In an embodiment, the service class feature data and the non-service class feature data may specifically include different types of features respectively according to different service data, the first data party and the second data party.
The following description will specifically take the business data as an insurance business product, the first data party as a bank head office, and the second data party as an insurance business sub-company subordinate to the bank head office.
In this embodiment, the non-service feature data may specifically include one or more of the following features: monthly income, monthly consumption amount, inventory amount, occupation, etc. Correspondingly, the service class feature data may specifically include one or more of the following listed features: gift identification, historical premium, historical purchased risk category, and the like.
In this embodiment, the first server deployed on the first data side may hold non-business class feature data of a full number of sample users as the first sample data. The first data party is not mainly responsible for pushing the business data, but assists the second data party in pushing the business data through a shared channel (for example, bank insurance and the like) shared by the second data party. Therefore, the positive sample users (i.e., users that receive the pushed traffic data) that are marked out of the total number of sample users in the first sample data held by the first data party are often not complete.
The second server deployed on the second data side is mainly responsible for pushing the service data. Moreover, due to the association relationship between the second data party and the first data party, the second data party often mainly pushes related service data for the full number of sample users held by the first data party, and records the sample user (marked as a positive sample user) that is successfully pushed and the service class feature data of the positive sample user that is successfully pushed.
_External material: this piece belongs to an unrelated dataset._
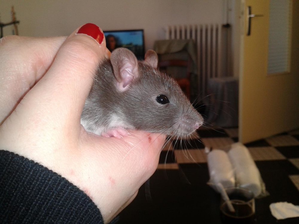 Bonjour, Aujourd'hui je profitai d'être rentrée tôt pour jouer avec les ratous et les flashouiller. Je distribue des graines de courges et je m'étonnes de ne pas voir Eldir sortir. Je vais le prendre dans la cage et là je me rends compte qu'un de ces yeux est très enflé, il y a des traces rouges en dessous, on dirait qu'il y a peut être eu un coup de griffe... Je vais téléphoner au vétérinaire à la première heure demain matin mais en attendant : _ Nettoyage au sérum physiologique? _ Isolement? _Retrait de la litière et passage en drybed? C'est un cas inédit pour moi donc si vous pouvez m'aider jusqu'à demain

In addition, the second data party pushes the business data by using a shared channel shared by the first data party and also pushes the business data by using a self-owned channel (such as a self-selling channel of an insurance company) which is not possessed by other first data parties, and records the positive sample user and the business class feature data of the positive sample user. For such positive sample users, the first data party is not known or marked on the side of the first data party due to data isolation between the first data party and the second data party.
Thus, the second server may hold the traffic class feature data of the full number of positive sample users as the second sample data. And the above-mentioned full positive sample users are often also a subset of full sample users.
In an embodiment, when preparing to push service data to a user object, the server may first obtain identification information of the user object and feature data of the user object.
The identification information may specifically include identification information such as a name, an identity ID, a mobile phone number, and an account name for indicating the user object. The feature data of the user object may specifically be non-business feature data of the user object. Of course, the feature data of the user object may also be a combination of non-service class feature data and service class feature data of the user object.
In an embodiment, the server may determine, according to the identification information of the user object, a type of the guest group to which the user object belongs by data query, for example, by querying a preset guest group list.
In one embodiment, the guest group type may specifically include: an administrative group and a non-administrative group.
In this embodiment, the user object is firstly classified into the guest group types according to the guest group of the user and the guest group of the non-user, so that a prediction sub-model matched with the guest group type in a preset target user prediction model can be called subsequently, and whether the user object is the target user or not is accurately determined.
In an embodiment, the customer group for management may be specifically understood as a customer group for which a special person is responsible for service and maintenance. For the customer management group, the server often holds more comprehensive characteristic data and more complete history push records.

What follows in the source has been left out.